Our third GPU compute benchmark is SmallLuxGPU, the GPU ray tracing branch of the open source LuxRender renderer. While it’s still in beta, SmallLuxGPU recently hit a milestone by implementing a complete ray tracing engine in OpenCL, allowing them to fully offload the process to the GPU. It’s this ray tracing engine we’re testing.

SmallLuxGPU is rather straightforward in its requirements: compute and lots of it. The GTX 580 attains most of its theoretical performance improvement here, coming in at a bit over 15% over the GTX 480. It does get bested by a couple of AMD’s GPUs however, a showcase of where AMD’s theoretical performance advantage in compute isn’t so theoretical.

Our final compute benchmark is a Folding @ Home benchmark. Given NVIDIA’s focus on compute for Fermi and in particular GF110 and GF100, cards such as the GTX 580 can be particularly interesting for distributed computing enthusiasts, who are usually looking for the fastest card in the coolest package. This benchmark is from the original GTX 480 launch, so this is likely the last time we’ll use it.

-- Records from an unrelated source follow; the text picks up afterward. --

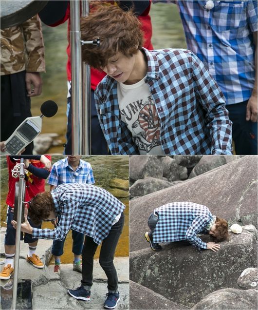 또한 함께 공개된 다른 사진 속에는 정준영이 커다란 바위에 머리를 대고 있는 모습이 담겨있어 시선을 사로잡는다. 마치 퇴근에 대한 간절한 마음에 고사라도 지내는 듯 큰절을 올리는 정준영의 모습이 보는 사람으로 하여금 웃음 짓게 만들며, 동시에 무슨 상황인지에 대한 궁금증까지 자아내고 있다.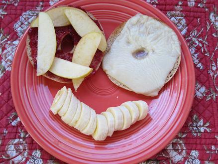 Today’s creation included a toasted cinnamon raisin bagel thin, topped with Swiss cheese, raspberry jelly and warmed apple slices. Banana slices rounded out the breakfast smiley face!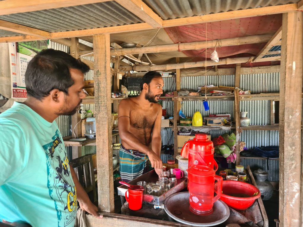 Potem wsiedliśmy znowu do łódki i popłynęliśmy do umówionej w planie wioski. Tu stałem się jeszcze większą atrakcją! Weszliśmy do baaaardzo lokalnej kawiarenki (chyba). Dzieci patrzyły na mnie, jak na święty obrazek. Stały i się po prostu gapiły. Starsi standardowo: „country?”. Potem zagadywali coś więcej, ale w bengala, więc przewodnik tłumaczył.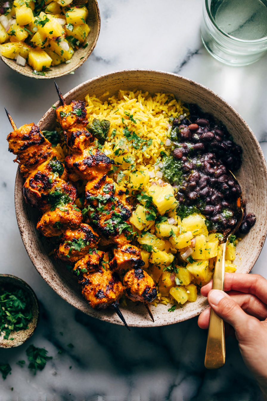- Brush the hot chicken with the remaining sauce. Serve with rice, beans, and your fresh fruit mix.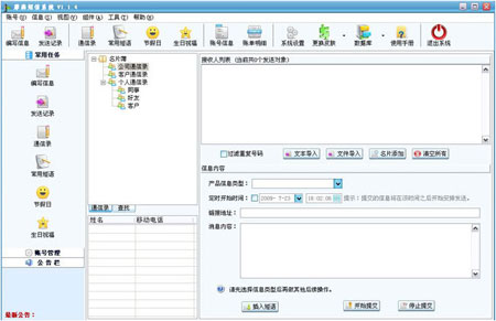 最新版軟件采用最前沿的界面風(fēng)格,軟件運行速度更快,效率更高,支持對大數據量的高效處理,新增發(fā)送狀態(tài)返回、軟件在線(xiàn)升級、短信互動(dòng)、全網(wǎng)接收回復短信、自定義個(gè)性投放模式、等強勢功能,系統管理界面: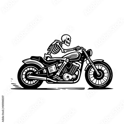 Skeleton riding motorcycle sketch engraving black and white outline. Scratch board imitation. illustrated in vintage line art style on a white background.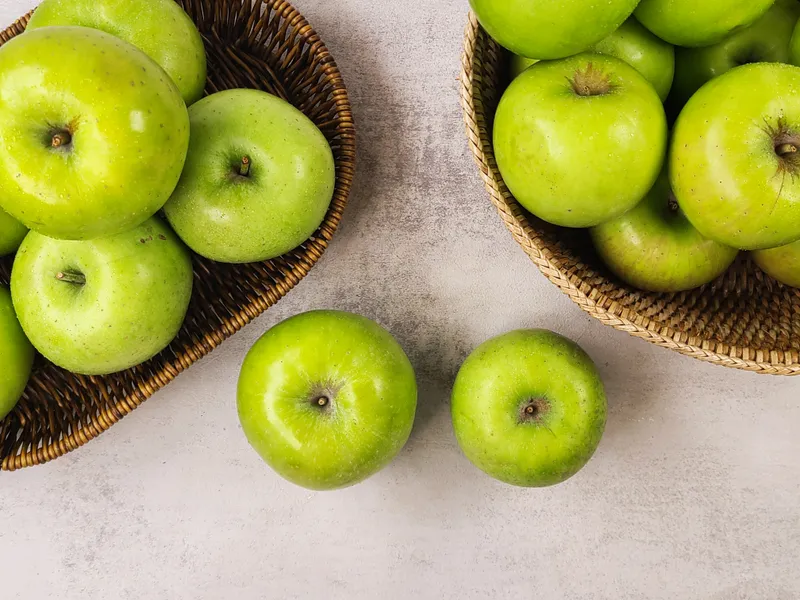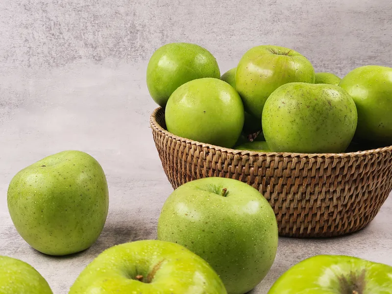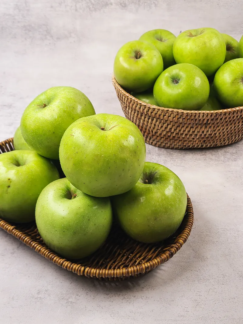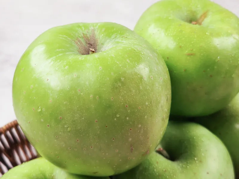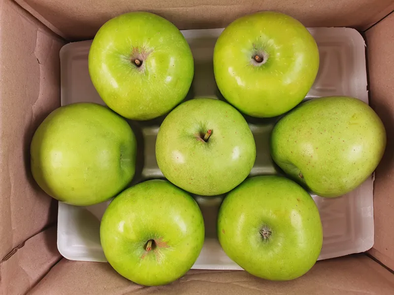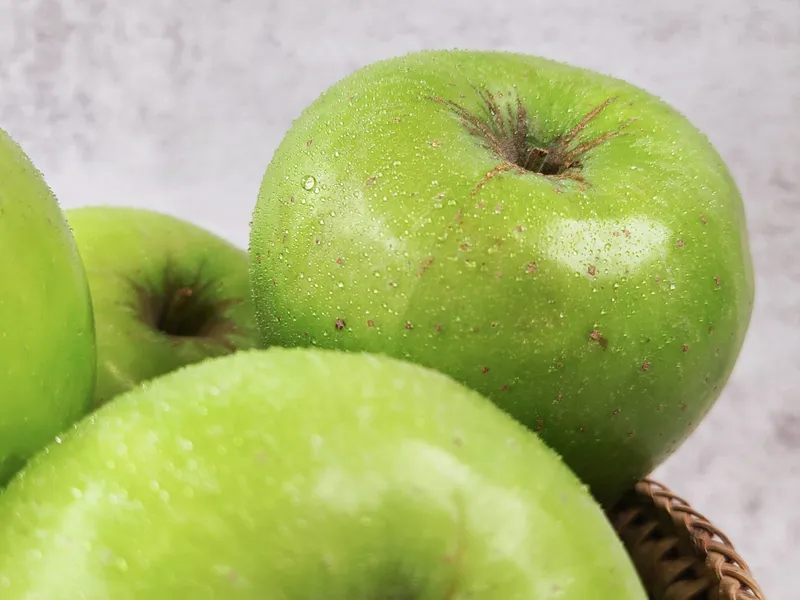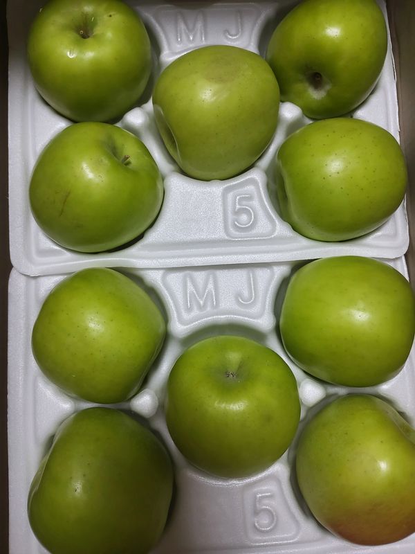 싱그러운 초록빛의 사과, 아오리 사과를 준비했어요. 과즙이 풍부해 한입 베어물면 새콤달콤한 풍미가 입안 가득 퍼진답니다. 또 아삭아삭한 식감으로 씹는 재미도 있죠.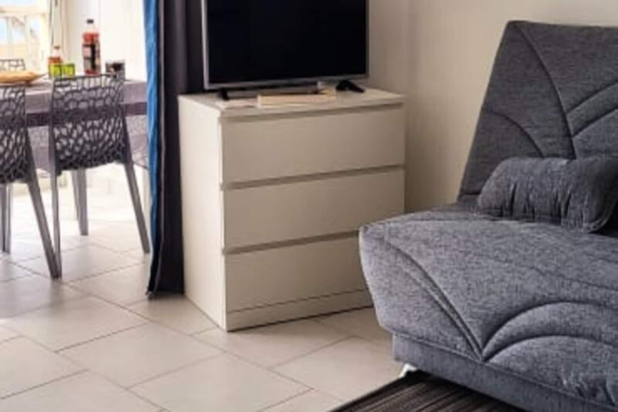 Imagine waking up to the soothing sound of waves and the shimmering Mediterranean Sea stretching out before you. This charming studio apartment, located in the Mairie district of Grau-du-Roi, offers an idyllic seaside escape for couples or small families. Recently renovated, it combines modern comfort with a warm, inviting atmosphere. From its private balcony, you can enjoy breathtaking 180-degree sea views, perfect for savoring meals or simply relaxing in the sun. The secure residence features elevator access and private gated parking, ensuring a stress-free stay. Inside, the apartment is thoughtfully designed to maximize space and convenience. The open-plan living area includes a fully equipped kitchen with induction hobs, microwave, refrigerator, and dishwasher, making it easy to prepare delicious meals. Two comfortable sofa beds provide sleeping arrangements for up to four guests, while amenities like a flat-screen TV, ceiling fan, and column heaters ensure year-round comfort. The modern bathroom features a large sink, drawer units, and a walk-in shower, adding a touch of luxury to your stay. Step outside and immerse yourself in the vibrant local culture. The apartment is ideally situated facing the beach, with shops, restaurants, and attractions just steps away. Explore the nearby fishing port to witness trawlers returning with their catch or stroll to Port-Camargue, Europe’s largest marina, where yachts and sailboats create a picturesque scene. For nature lovers, the Camargue region offers stunning sunsets, flamingos soaring above the waters, and endless opportunities for outdoor activities like horseback riding, kayaking, and windsurfing. Whether you’re seeking relaxation or adventure, this coastal retreat promises unforgettable memories by the Mediterranean Sea.

If I said the GTX 580 was 15% faster, would anyone be shocked? So long as we’re not CPU bound it seems, the GTX 580 is 15% faster through all of our compute benchmarks. This coupled with the GTX 580’s cooler/quieter design should make the card a very big deal for distributed computing enthusiasts.

At the other end of the spectrum from GPU computing performance is GPU tessellation performance, used exclusively for graphical purposes. Here we’re interesting in things from a theoretical architectural perspective, using the Unigine Heaven benchmark and Microsoft’s DirectX 11 Detail Tessellation sample program to measure the tessellation performance of a few of our cards.

NVIDIA likes to heavily promote their tessellation performance advantage over AMD’s Cypress and Barts architectures, as it’s by far the single biggest difference between them and AMD. Not surprisingly the GTX 400/500 series does well here, and between those cards the GTX 580 enjoys a 15% advantage in the DX11 tessellation sample, while Heaven is a bit higher at 18% since Heaven is a full engine that can take advantage of the architectural improvements in GF110.

Seeing as how NVIDIA and AMD are still fighting about the importance of tessellation in both the company of developers and the public, these numbers shouldn’t be used as long range guidance. NVIDIA clearly has an advantage – getting developers to use additional tessellation in a meaningful manner is another matter entirely.

Wolfenstein Power, Temperature, and Noise
Comments Locked

160 Comments

View All Comments

  • wtfbbqlol - Thursday, November 11, 2010 - link

    Most likely an anomaly. Just compare the GTX480 to the GTX470 minimum framerate. There's no way the GTX480 is twice as fast as the GTX470.
  • Oxford Guy - Friday, November 12, 2010 - link

    It does not look like an anomaly since at least one of the few minimum frame rate tests posted by Anandtech also showed the 480 beating the 580.

    We need to see Unigine Heaven minimum frame rates, at the bare minimum, from Anandtech, too.
  • Oxford Guy - Saturday, November 13, 2010 - link

    To put it more clearly... Anandtech only posted minimum frame rates for one test: Crysis.

    In those, we see the 480 SLI beating the 580 SLI at 1920x1200. Why is that?

    It seems to fit with the pattern of the 480 being stronger in minimum frame rates in some situations -- especially Unigine -- provided that the resolution is below 2K.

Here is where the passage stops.